The sun blazing overhead and the earth on fire…while elsewhere Sabbath arrives and the land is quiet…willingly blind.
There was a guy there who’d been a sniper in the army, he’d been coming to demonstrations for a while, standing and watching,
observing the snipers on the hill in their black uniforms. And S., the Palestinian, a local resident, was also there, and told us how during the week he and his friends collect money for next week’s demonstration. He’s been doing so four years.
Friday afternoon. We drive to the demonstration in Qaddum. We’re a bit late. It’s 1 PM and we’re still in Haja. It’s the hour men come from prayers in the mosque and begin getting organized for the demonstration. Suddenly an ambulance speeds quickly past us. We understood people have already been injured. We arrived at the site fifteen minutes later. The soldiers were deep inside the village. In the homes and courtyards. Guarding the street along which the procession passes. Preventing the residents from demonstrating against the injustice done to them. The theater of the absurd at its height. We got out of the car. A strong odor of skunk liquid hit us.
On the other side of the street, on the road to the mosque, a large crowd. A Palestinian with a bullhorn calls to the soldiers at the corner in Hebrew and Arabic. Shots are heard. It’s better to be out of their sight. We hear it was only forty minutes after the ambulance passed us at Haja that word was received the wounded arrived at the Nablus hospital. It turned out a roadblock was erected on the highway. The injured were forced to move to another vehicle and take an alternate route. They’re resourceful. We stand most of the time against the wall of a house, speaking to nearby demonstrators. There was a young man who’d been a sniper in the army and has been coming to the demonstrations for a long time… He stands watching the demonstration and looks at the snipers who find a good location in the window of one of the homes.
At one point we decide to enter the courtyard and walk to where we think the soldiers are. They’re everywhere, in the village lanes, the homes and the courtyards.
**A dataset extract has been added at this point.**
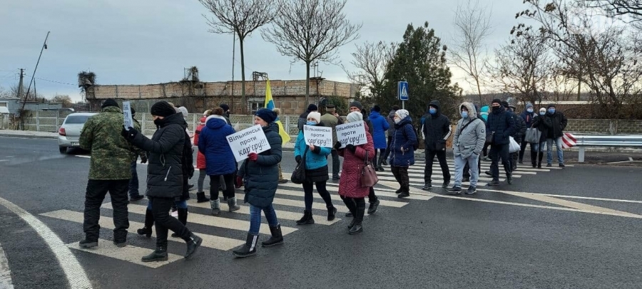 Около двух сотен жителей нескольких населенных пунктов Вольнянского района сегодня, 12 января, перекрыли трассу Харьков-Симферополь, требую остановки строительства карьера.

The noise of stun grenades is deafening. An explosion, another explosion and another. The ambulance arrives. There are injured. Five. One seriously wounded in the abdomen. The others in the limbs. The soldiers fire .22’s and hard, cylindrical hollow rubber bullets. We were told they’re threaded in packs of ten and when fired scatter in all directions indiscriminately. We have the impression that soldiers are liable to appear from anywhere. It occurs to us the army may have decided to use the village as a training site for urban warfare. We decided to be careful and leave the courtyard. We moved away a bit and suddenly heard a powerful explosion in the courtyard we’d just left. Thick pale smoke wrapped the nearby buildings. Our experience tells us it’s the signal for the soldiers to withdraw. Their role in the performance is almost over. They have to prepare for the Sabbath. Snipers dressed in black are still on the hilltop. Waiting…it’s time for the final act of the weekly spectacle. The moment to set afire the tires bought and collected during the week. We join the villagers. A Palestinian flag flies from a pole by the roadside. It shows the wind is blowing eastward, toward Qedumim. Conditions are perfect for burning tires. There are a few piles. The fire is intense and consumes them quickly. Thick black smoke spreads toward Qedumim. The revenge of the occupied on the occupier. This has been going on for four years. The ancient Qaddum is struggling against Qedumim which only recently appeared, emerging and flourishing day after day with the army’s help.
And on the edge of the demonstration:
S., the Palestinian, tells us that on one of their incursions the soldiers collected all the tires they could lay their hands on. They also found the tractors used to transport them. The villagers are determined to maintain the ritual, had to obtain tires from elsewhere, paid a high price for them and also for transporting them. That’s why during the week he and others go from house to house to collect funds for the next demonstration.
Since our last visit three weeks ago the army comes each night to the village, disturbs the villagers’ rest and makes their lives and their nights unbearable. Not only Fridays are disrupted. No day is quiet.
And to make things more difficult, an innovation: roadblocks at the only exit the residents have today from the village – via Haja to Highway 55. The roadblocks are set up in the morning from 06:30 to 08:00 and at 15:00 in the afternoon. We promised to try to arrange shifts at the hours the roadblocks are in place.